December 18th: The Beginning
Tomorrow, forty entrepreneurs graduate at the Bo Hub. They’ll receive certificates and showcase the four MVP businesses they’ve already launched with their micro-loans. Real businesses. Real products. Real proof that training becomes action when you give people both skills and capital. Families will cheer. Photos will be taken. It will be beautiful.
But remember this: the graduation isn’t the end of the story. It’s barely the beginning.
The real story is what happens when these four MVP businesses scale. When the next cohort of entrepreneurs at the hub sees what’s possible and says: I can do that too. When the program expands to train more entrepreneurs and visit more schools.
The real story is what happens next year when the team visits more schools. When teachers across Bo get their own ICT training. When the eight schools—UMC Primary, Kakua Government JSS, Aladura JSS, Bo Center For Technical Studies, Bilal Islamic, Al Ghadafi, Rosal International, Mountain of Grace—become sixteen, then thirty-two, then more.
The real story is what happens when those forty entrepreneurs succeed and become mentors to the next cohort at the hub. When the 368 students become peer teachers in their schools. When Jeremiah’s team trains more trainers who can visit even more schools.
The real story is Bo deciding that this work belongs to them, not to an external organization. That they don’t need permission from outsiders to build their own future. That they have everything they need—the talent, the drive, the community—and now they have the training, the capital, and the support to unlock it.
To Jeremiah, To the Team, To Bo
Five months ago, this was just an idea. A pilot. An experiment to see if a hub training entrepreneurs and a team visiting schools could work in a city that most development organizations overlook.
Today, it’s a movement.
To Jeremiah and his team: You didn’t just run a program. You built a foundation. You earned trust. You showed Bo what’s possible. You proved that local leadership, when equipped and supported, can change everything. Without you, none of this happens. Not the training at the hub. Not the weekly visits to eight schools. Not the relationships. Not the meetings with government. Not the hospital cleaning. Not the school painting. Not the momentum. This pilot succeeded because you made it yours.
To the forty entrepreneurs graduating tomorrow: You took a risk. You showed up week after week at 27 Jaka Street. You learned. You planned. And you didn’t just plan—you built. Four MVP businesses that went from idea to reality because you had the courage to start. Tomorrow, you showcase what you’ve created. Walk across that
stage with pride. You’ve earned every bit of it.

To the 368 students and eight teachers across eight schools: You’re proof that digital literacy isn’t reserved for capitals and elite institutions. It’s for anyone willing to learn. You touched computers for the first time. You created emails. You learned to research, present, create. You’re not behind anymore. You’re building your future.

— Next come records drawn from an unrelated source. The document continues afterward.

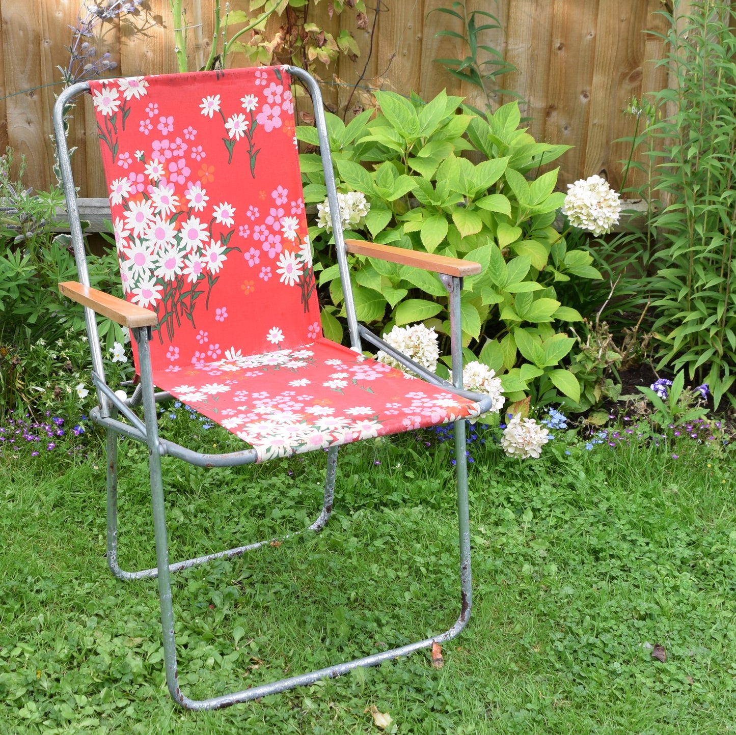 Vintage 1960s Folding Garden Chair - Flower Power - Pink
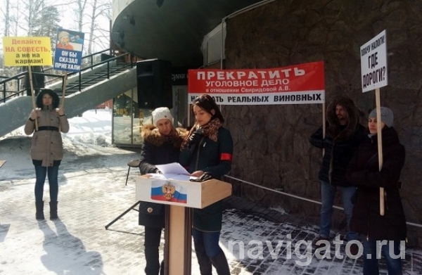 Митинг возле Торгового центра Академгородка, в котором приняли участие около 60 человек, вела Анна Ильина — дочь детского тренера Анжелики Свиридовой, «Ниссан» которой 28 февраля выбросило из колеи на дамбе ГЭС, после чего она врезалась во встречную «Тойоту». В аварии погибли 7-летний ребенок в «Ниссане» и водитель «Тойоты». Свиридова и две девочки 7 и 10 лет, которые ехали с ней, получили тяжелые травмы.
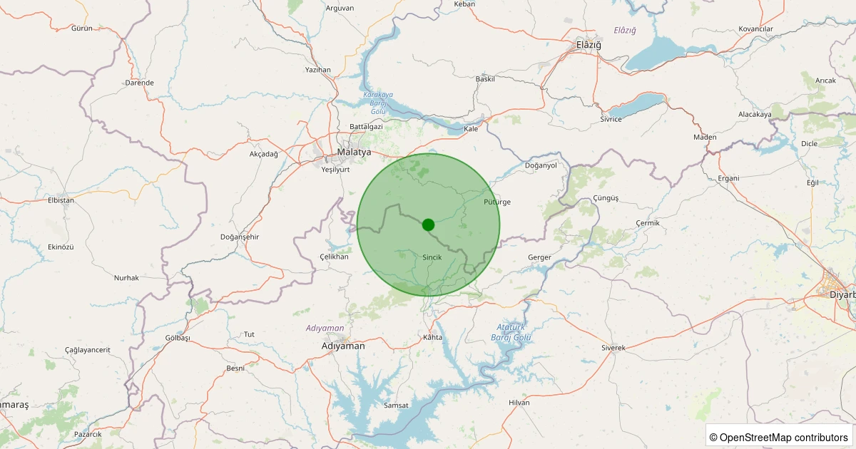 Son 7 gün içinde Pütürge - Arıtoprak Köyü noktasından 100 km yarıçap içerisinde meydana gelen diğer depremler:
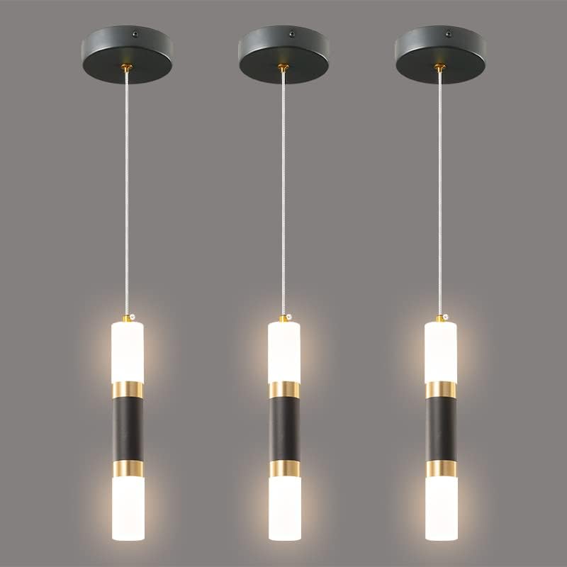Modern Kitchen Island Light Fixture Dimmable LED Black Mini Pendant Light Bedroom Bedside Table Black Gold Small Pendant Lighting (3-Pack)
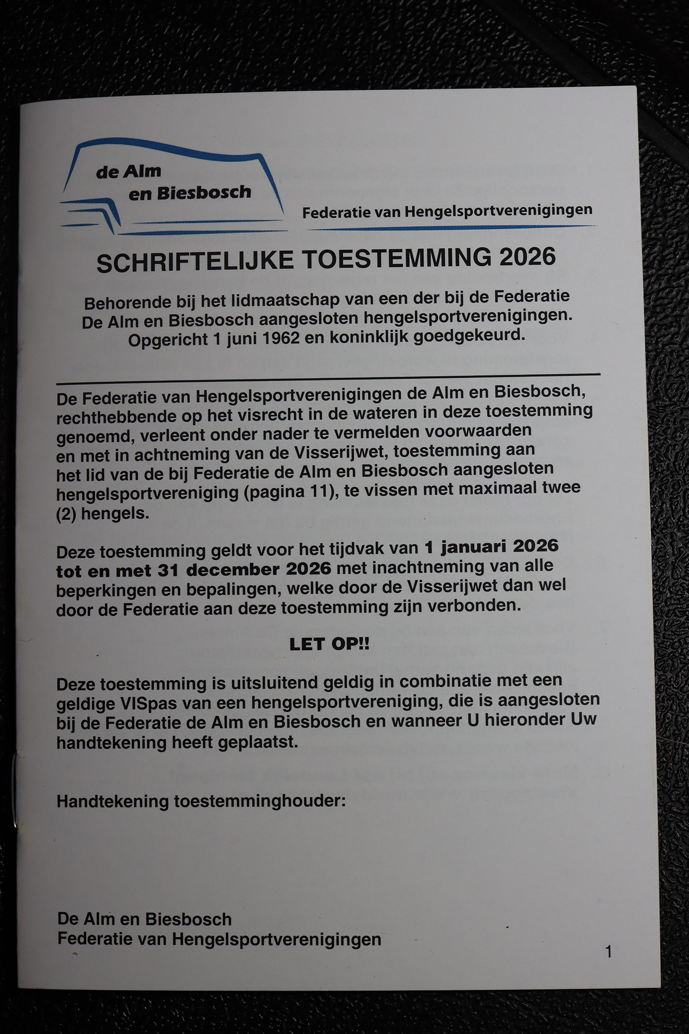 In de voorwaarden van Federatie de Alm en de Biesbosch is opgenomen dat je het Boekje ondertekend moet kunnen tonen bij controle.
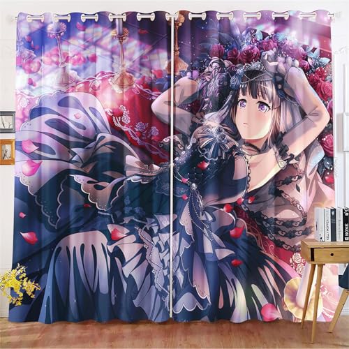 KIDSLOVE Anime Verdunkelungsvorhänge Anime Mädchen Blickdicht Vorhänge Cartoon Manga Japanisch Verdunkelungsvorhang Für Schlafzimmer Kinderzimmer (1,150x166cm(BxH)/ 75x166cmx2)

To the eight schools—UMC Primary, Kakua Government JSS, Aladura JSS, Bo Center For Technical Studies, Bilal Islamic, Al Ghadafi, Rosal International, Mountain of Grace: You opened your doors. You let the team come week after week. You sent your best and brightest. You trusted a new team. You asked for more. You made this yours.
To Bo: You opened your doors. You let a team set up a hub on 27 Jaka Street. You trusted them with your young people. You let them into your schools every week. You participated, provided feedback, asked for more. You made this program yours. And in doing so, you showed that change doesn’t require perfect conditions. It requires belief, effort, and community. You have all three in abundance.
The Celebration Begins Tomorrow. The Work Never Stops.
On December 18th, we celebrate. We honor what’s been built. We recognize achievement. We showcase four businesses that prove training becomes action. We mark a milestone.
And on December 19th? We start planning for next year.
Because this pilot proved something essential: Bo is ready. Bo is capable. Bo is building its own future.
And Global Impact Innovators is honored to be building alongside you.